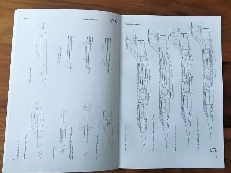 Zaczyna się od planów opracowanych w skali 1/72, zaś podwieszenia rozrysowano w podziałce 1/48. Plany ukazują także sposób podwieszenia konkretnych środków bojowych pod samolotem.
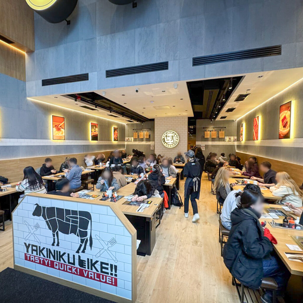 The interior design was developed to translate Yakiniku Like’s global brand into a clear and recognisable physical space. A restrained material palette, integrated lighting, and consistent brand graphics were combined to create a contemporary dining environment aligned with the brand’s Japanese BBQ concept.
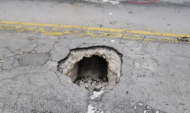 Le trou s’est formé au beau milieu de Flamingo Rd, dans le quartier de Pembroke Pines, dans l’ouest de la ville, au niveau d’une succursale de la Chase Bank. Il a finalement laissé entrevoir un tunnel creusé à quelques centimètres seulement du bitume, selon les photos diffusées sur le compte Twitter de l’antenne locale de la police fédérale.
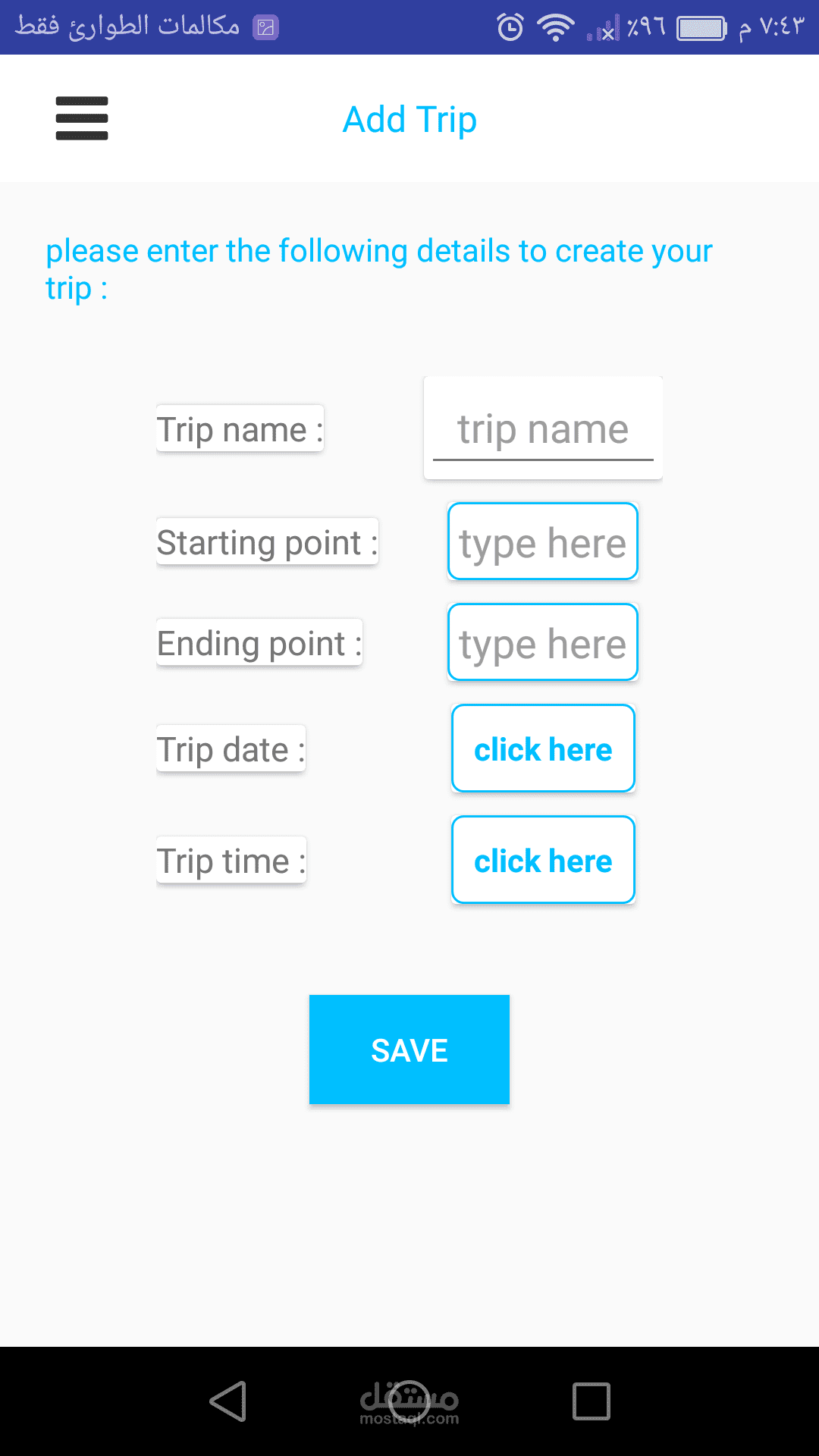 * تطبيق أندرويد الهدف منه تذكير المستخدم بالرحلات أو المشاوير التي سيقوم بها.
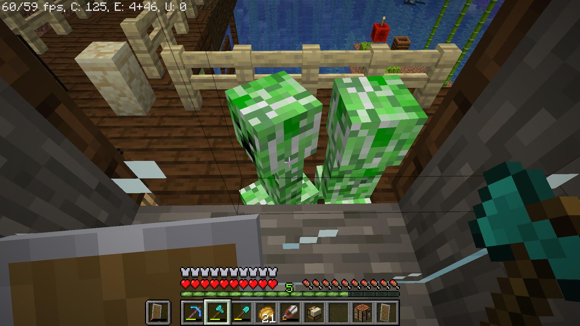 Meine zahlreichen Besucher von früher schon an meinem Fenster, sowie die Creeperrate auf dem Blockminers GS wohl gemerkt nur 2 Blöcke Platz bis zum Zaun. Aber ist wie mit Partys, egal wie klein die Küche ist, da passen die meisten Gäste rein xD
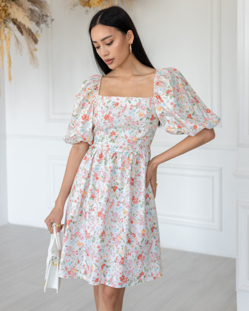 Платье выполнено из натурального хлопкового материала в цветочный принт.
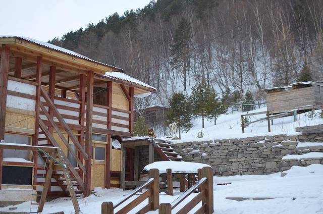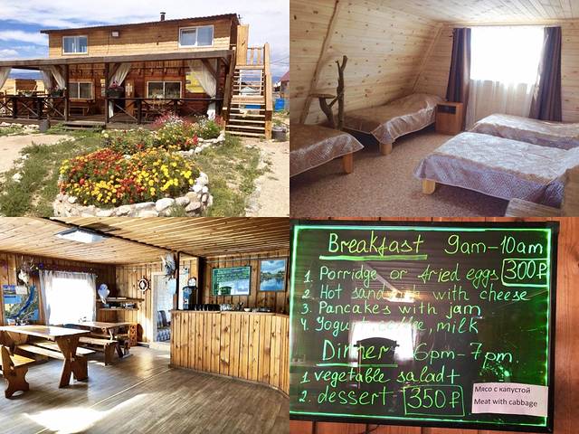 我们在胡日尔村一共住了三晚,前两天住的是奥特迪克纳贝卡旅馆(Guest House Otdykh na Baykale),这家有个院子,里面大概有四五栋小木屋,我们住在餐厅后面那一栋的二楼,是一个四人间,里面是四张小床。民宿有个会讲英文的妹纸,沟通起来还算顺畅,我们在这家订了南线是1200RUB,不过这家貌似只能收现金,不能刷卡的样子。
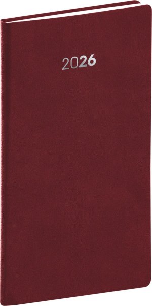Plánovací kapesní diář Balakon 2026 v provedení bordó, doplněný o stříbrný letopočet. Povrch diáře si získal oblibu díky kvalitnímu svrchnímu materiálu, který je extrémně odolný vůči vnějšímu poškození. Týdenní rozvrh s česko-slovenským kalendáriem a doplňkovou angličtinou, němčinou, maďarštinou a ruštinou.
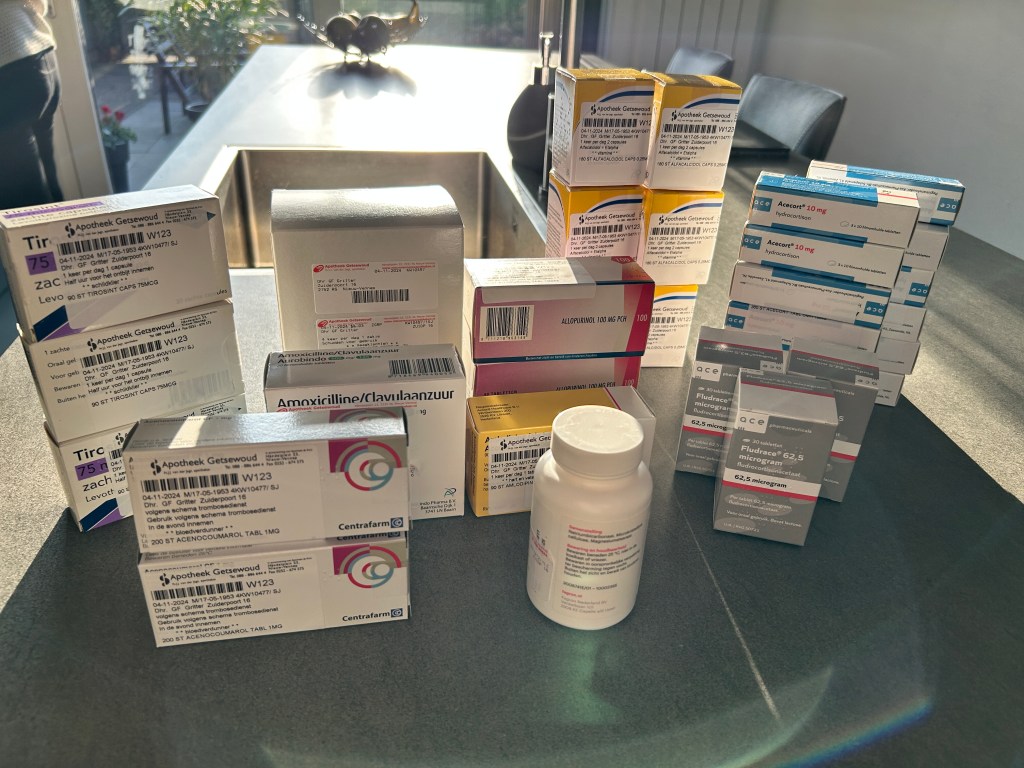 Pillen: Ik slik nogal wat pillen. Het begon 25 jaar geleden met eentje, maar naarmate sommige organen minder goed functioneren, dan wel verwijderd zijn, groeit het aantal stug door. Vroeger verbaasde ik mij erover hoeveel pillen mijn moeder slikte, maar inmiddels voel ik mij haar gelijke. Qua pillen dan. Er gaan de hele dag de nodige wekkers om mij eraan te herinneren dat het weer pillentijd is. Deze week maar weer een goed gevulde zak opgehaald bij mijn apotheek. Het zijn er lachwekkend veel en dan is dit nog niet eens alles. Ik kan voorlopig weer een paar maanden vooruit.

___

» **What needs to be done**: How would the lines above read from the one with "التي سيقوم بها." to the one with "Платье выполнено из", inclusive, with no pictures? Write them out exactly.

» **Answer to the problem**:
 * تطبيق أندرويد الهدف منه تذكير المستخدم بالرحلات أو المشاوير التي سيقوم بها.
 Meine zahlreichen Besucher von früher schon an meinem Fenster, sowie die Creeperrate auf dem Blockminers GS wohl gemerkt nur 2 Blöcke Platz bis zum Zaun. Aber ist wie mit Partys, egal wie klein die Küche ist, da passen die meisten Gäste rein xD
 Платье выполнено из натурального хлопкового материала в цветочный принт.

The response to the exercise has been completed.